[Aim of the exercise] In your copy, leave out the pictures; write out all the data exactly.

[Supplied information]
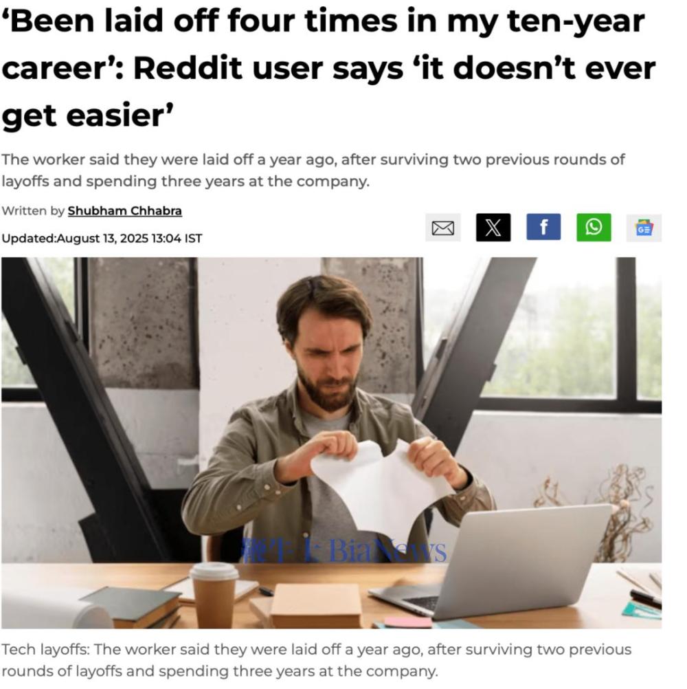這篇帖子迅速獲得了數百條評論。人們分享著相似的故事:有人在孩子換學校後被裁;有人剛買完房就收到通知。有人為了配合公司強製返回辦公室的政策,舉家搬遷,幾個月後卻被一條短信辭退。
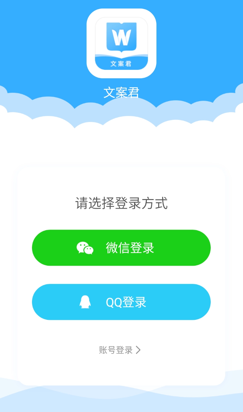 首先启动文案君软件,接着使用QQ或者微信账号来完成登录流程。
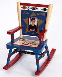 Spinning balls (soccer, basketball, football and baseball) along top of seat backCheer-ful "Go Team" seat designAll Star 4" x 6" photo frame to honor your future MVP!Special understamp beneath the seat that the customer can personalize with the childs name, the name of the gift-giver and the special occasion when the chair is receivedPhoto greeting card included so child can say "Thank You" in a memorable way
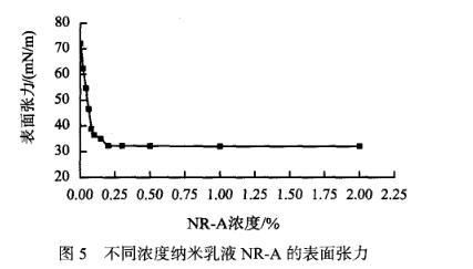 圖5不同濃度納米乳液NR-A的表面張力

[Response to the exercise]
這篇帖子迅速獲得了數百條評論。人們分享著相似的故事:有人在孩子換學校後被裁;有人剛買完房就收到通知。有人為了配合公司強製返回辦公室的政策,舉家搬遷,幾個月後卻被一條短信辭退。
 首先启动文案君软件,接着使用QQ或者微信账号来完成登录流程。
 Spinning balls (soccer, basketball, football and baseball) along top of seat backCheer-ful "Go Team" seat designAll Star 4" x 6" photo frame to honor your future MVP!Special understamp beneath the seat that the customer can personalize with the childs name, the name of the gift-giver and the special occasion when the chair is receivedPhoto greeting card included so child can say "Thank You" in a memorable way
 圖5不同濃度納米乳液NR-A的表面張力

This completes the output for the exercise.